A team of signaleers assigned to the U.S. Army Signal Center of Excellence has won the U.S. Army Training and Doctrine Command’s Capability Developer of the Year team award for significant contributions to the Army’s ability to provide support to civil authorities in times of crisis.

The Capability Development Integration Directorate, or CDID, has six divisions who team in defining the Army’s future network requirements, its current network capabilities, and the development of doctrine and material solutions.

“The Signal Center of Excellence CDID-Experimentation Division team designed, developed, and installed direct commercial network access (Internet and telephone) capability for its Regional Hub Node-Experimentation facility as a pilot effort to determine a cost-effective, highly scalable solution -- and associated Tactics, Techniques, and Procedures -- for the Army’s five operational regional hub nodes,” said project lead Eddie Eidson, CDID-ED.

The CDID-ED partners with industry and Army engineering agencies to investigate state-ofthe art network technology; shape the development network capability to meet Army requirements; integrate technology into the Army’s operational network architecture; and assess the operational impact across a wide variety of mission sets.

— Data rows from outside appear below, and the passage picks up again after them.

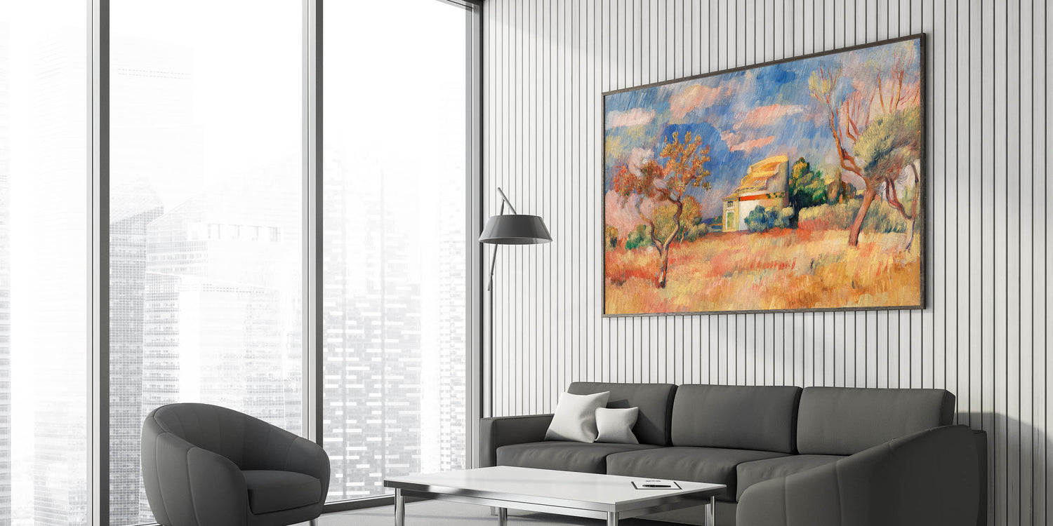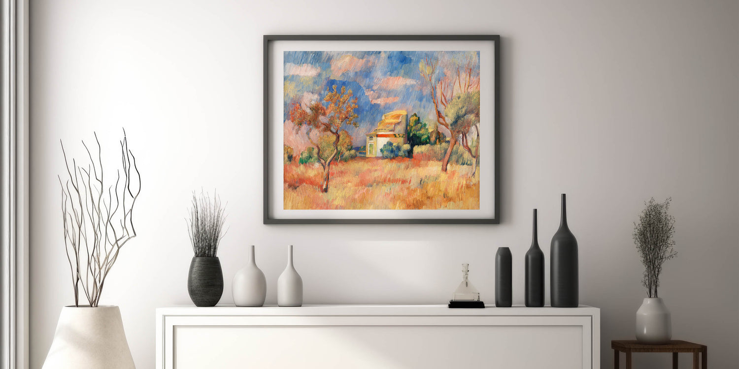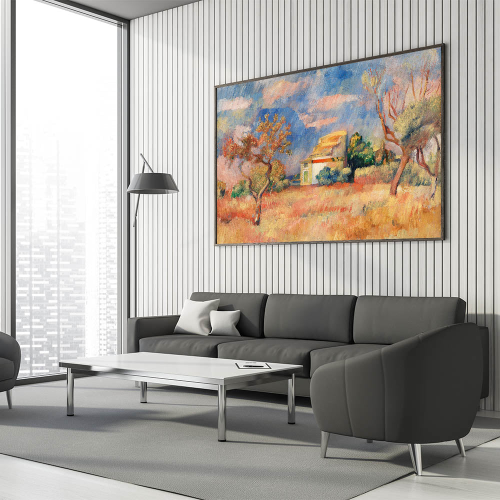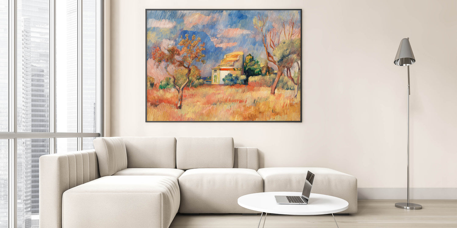 Add a piece of famous Impressionist art to your decor and let Renoir's expressive brushstrokes breathe life into your walls. Whether displayed in your living room, study, or office, this artwork brings the tranquility and warmth of the countryside into any space.
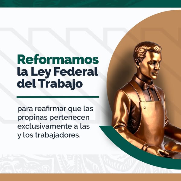 Con la reforma que aprobamos a la Ley Federal del Trabajo reafirmamos que las propinas le pertenecen exclusivamente a las y los trabajadores y su distribución deberá realizarse en función del trabajo de cada persona. Estamos más cerca de que sea ley.
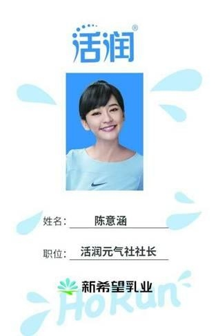 从爆料图片中可以看出,工牌所属的企业是国内城市型乳企巨头新希望乳业。被标注为“活润元气社社长——陈意涵”的女子几乎不施粉黛,素颜出镜。通过照片记者还是轻易地分辨出,这位气质可爱的圆脸少女正是出演过《痞子英雄》、《听说》、《闺蜜1》等系列作品的知名女星陈意涵。
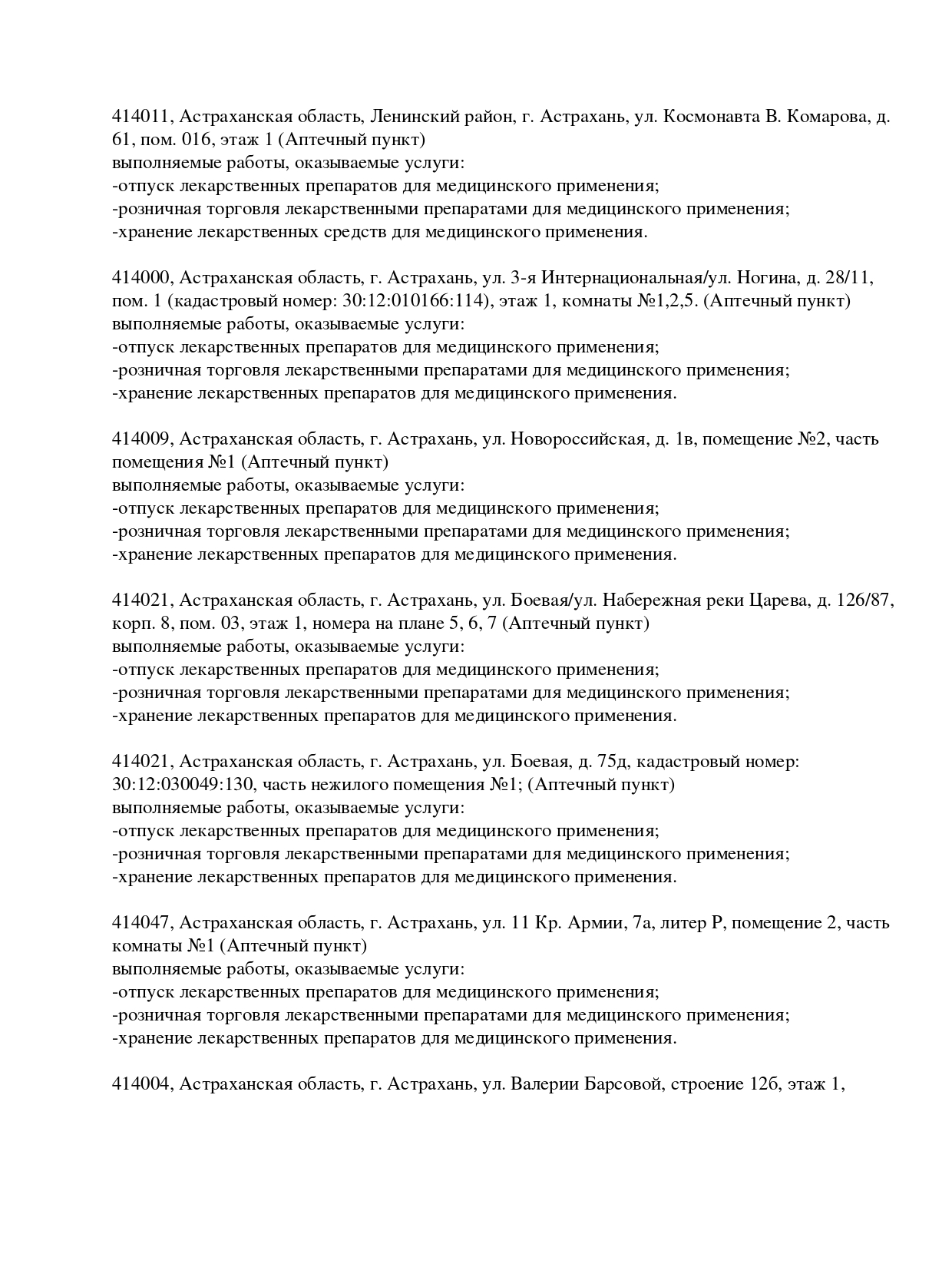 414056, Астраханская обл, Астрахань г, Анри Барбюса ул, дом 17, помещение 075. Режим работы: Пн.-Пт. с 08:00 до 21:00, Сб.-Вс. с 08:00 до 20:00
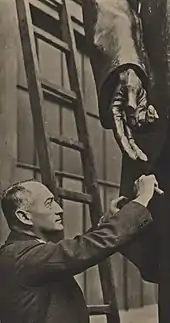 In his following years, he continued his studies at the Academy under the guidance of Josef Václav Myslbek, founder of modern Czech sculpting style. He later went to Paris to complete his fine arts education. His stay in Paris was crucial to him: while he was there he met Antoine Bourdelle, who influenced his distinctive style in his later works. In 1917, he became a professor at the School of Applied Arts in Prague, and from 1919, he was a professor at the Academy of Arts. His work was part of the art competitions at the 1912 Summer Olympics and the 1936 Summer Olympics.[2]
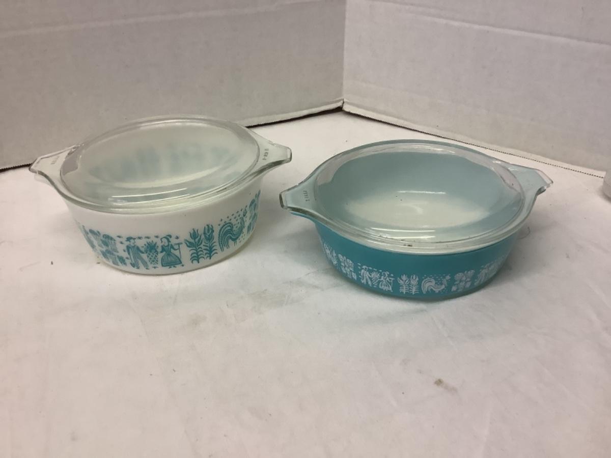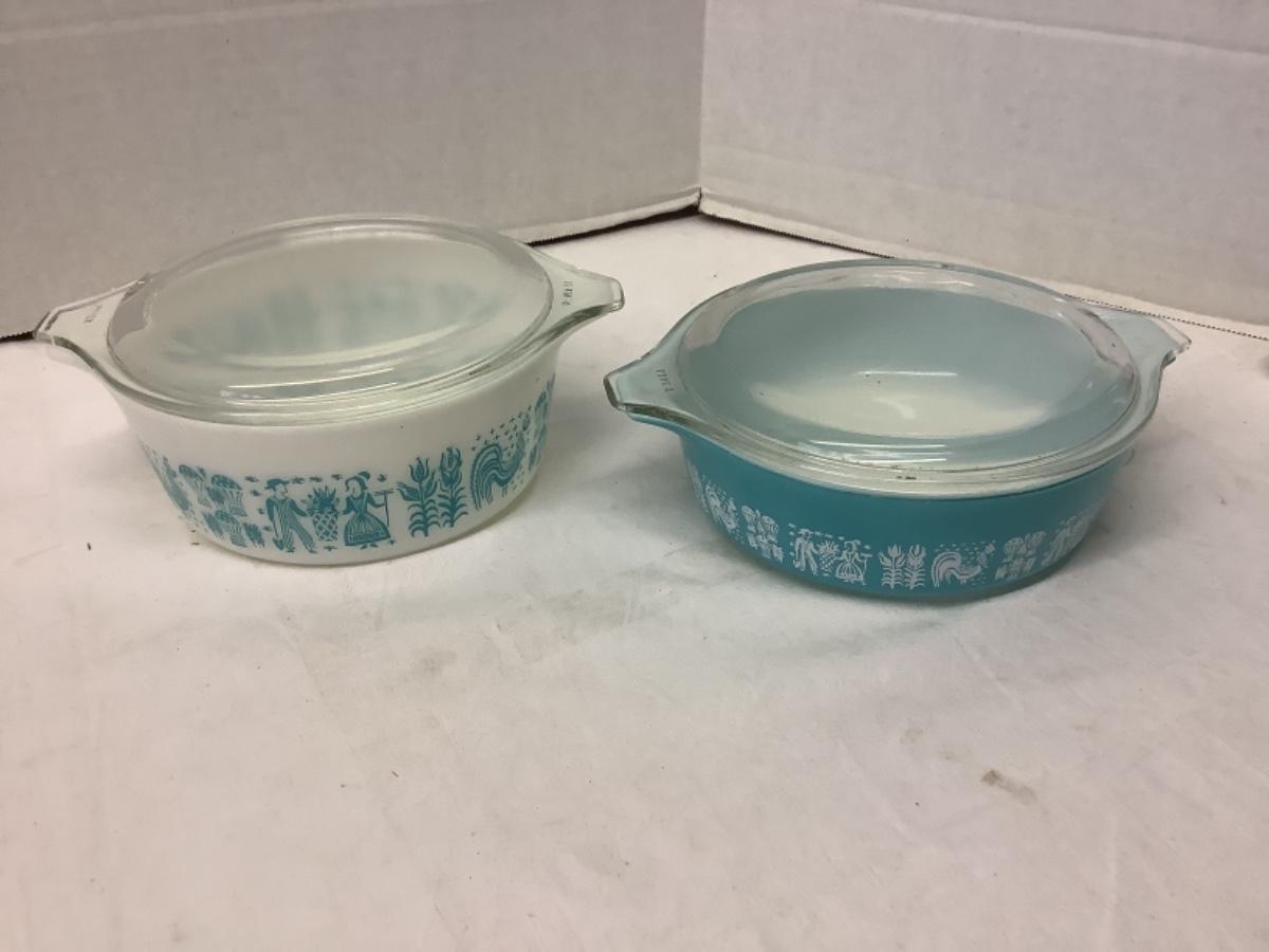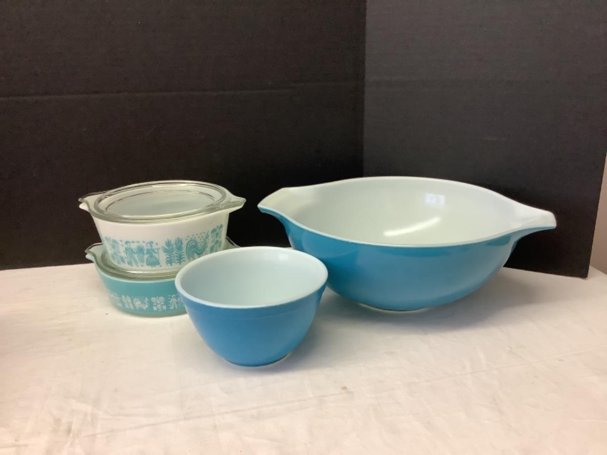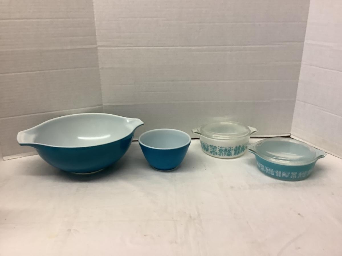 279. Vintage Pyrex Turquoise & Turquoise/White
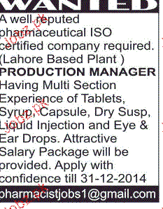 Production Manager Job Opportunity
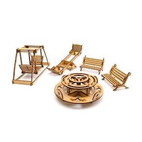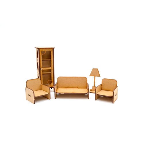 Confeccionado em mdf de 3 mm, o kit de móveis é composto por diversas peças, as quais se encaixam sutilmente devido a precisão de corte dos mesmos. Não acompanha casinha.
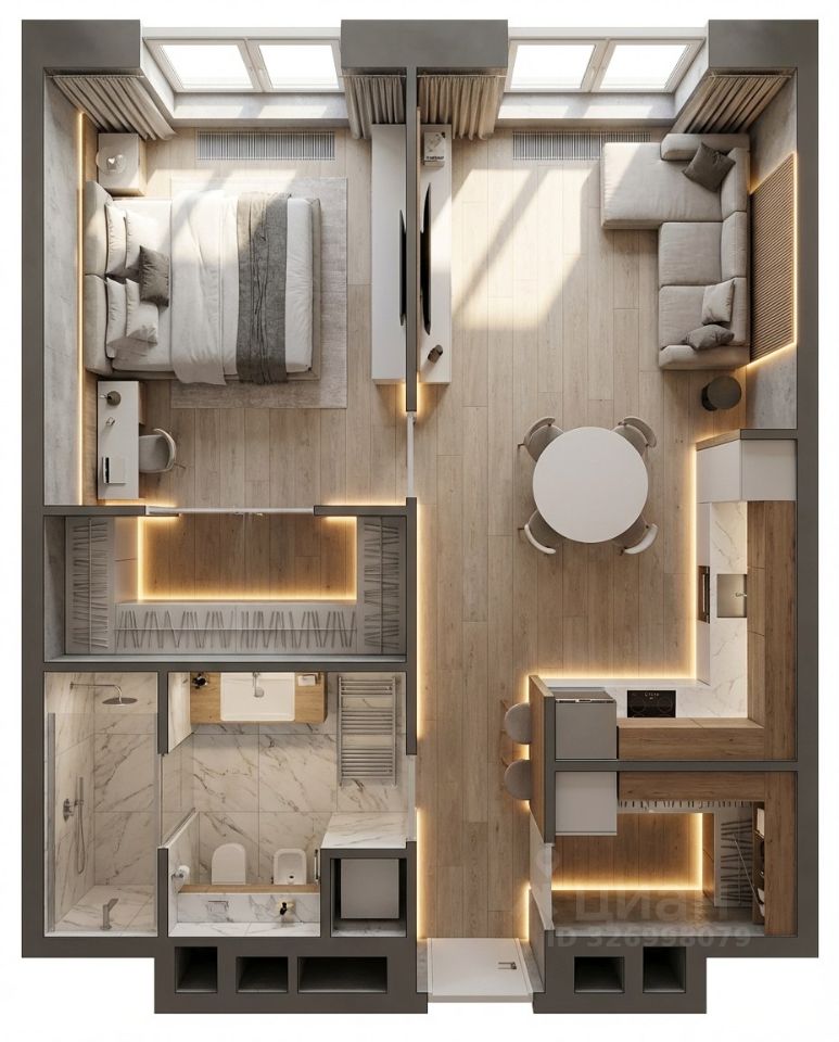 Общая площадь квартиры — 57 кв. м, из которых 18 кв. м выделены под жилое пространство, а кухня занимает 24 кв. м. Квартира находится на 4 этаже семиэтажного дома 2023 года постройки. Высота потолков составляет 3,1 метра, что создает ощущение простора и света.
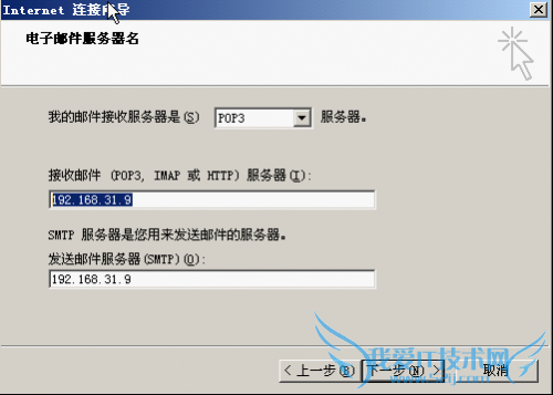 3.在“电子邮件服务器”中进行设置,“接收邮件服务器”和“发送邮件服务器”处均填入邮件服务器的IP地址,如:192.168.31.9。如下图:

“ We designed and implemented a suite of equipment that tunnels commercial internet and voice through existing networks,” said Chief Warrant Officer 3 Todd Chesser, officer in charge, CDID-ED RHN-E. “Our goal was to find a low-cost solution for the regional hub nodes to provide commercial Internet service for those units deployed to remote sites”

According to Col. Mike Brownfield, director, CDID-ED, the award-winning capability development project will help support the Army mission in the United States and around the world.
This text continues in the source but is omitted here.